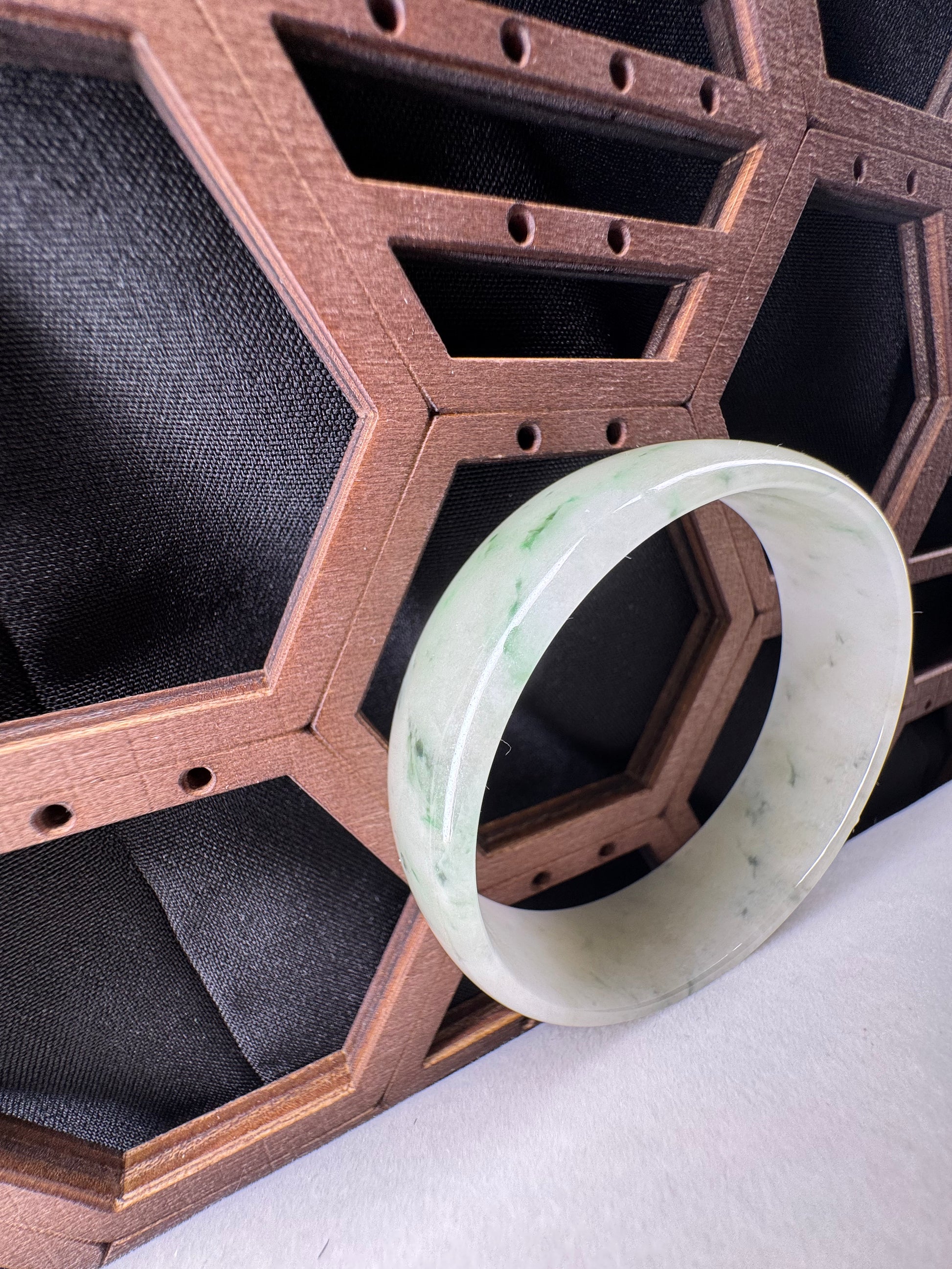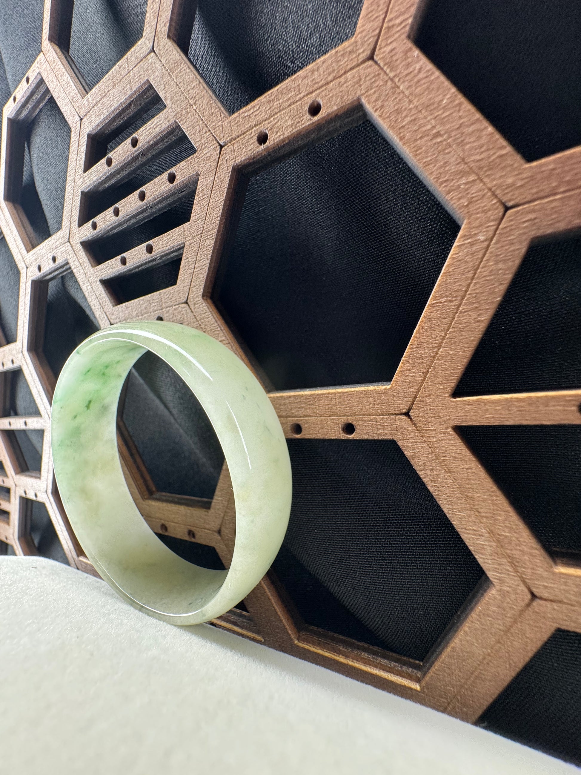 Very unique colors with light, dark green on the warm yellow stone. Would be good looking on small wrist.
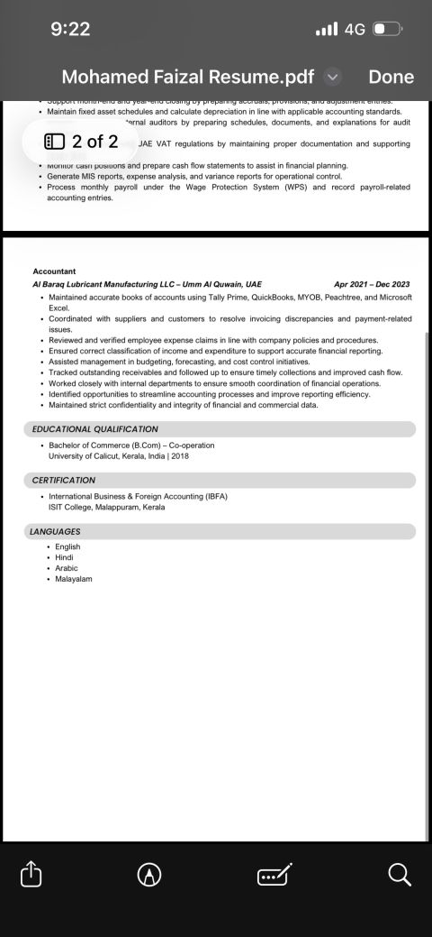 Looking for accounting vacancy. Good accounting knowledge in the area of AR, AP, Billing, Invoicing, Bank Reconciliation, Payroll processing, and supporting audit, VAT filling and also have maintain good relationship with customers and suppliers. immediately available for join
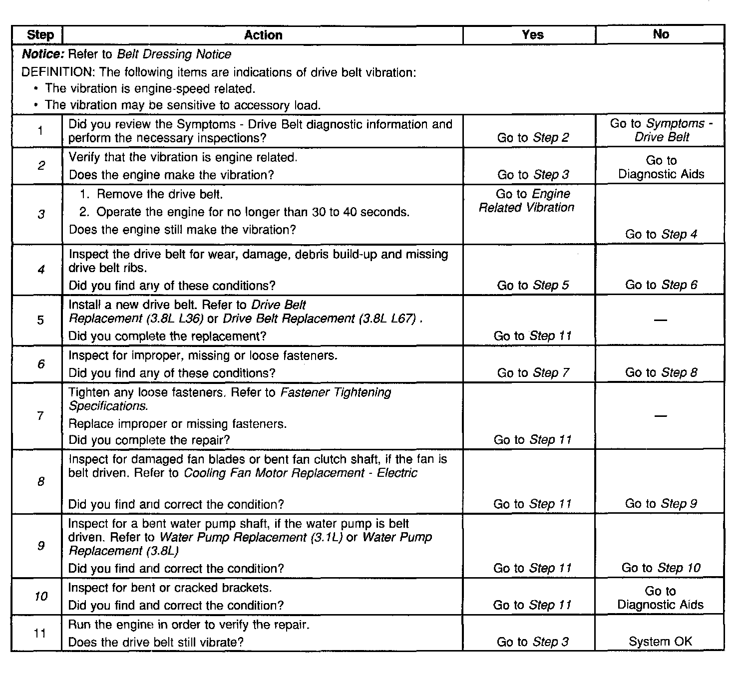 3. This test is to verify that the drive belt or accessory drive components may be causing the vibration. With the drive belt removed the water pump may not operate and the engine may overheat. Also DTCs may set when the engine is operated with the drive belt removed.

TASK BRIEF. Please print the lines exactly, from the top of the material through the line with "Looking for accounting", and omit the pictures.

TASK ANSWER.
 Very unique colors with light, dark green on the warm yellow stone. Would be good looking on small wrist.
 Looking for accounting vacancy. Good accounting knowledge in the area of AR, AP, Billing, Invoicing, Bank Reconciliation, Payroll processing, and supporting audit, VAT filling and also have maintain good relationship with customers and suppliers. immediately available for join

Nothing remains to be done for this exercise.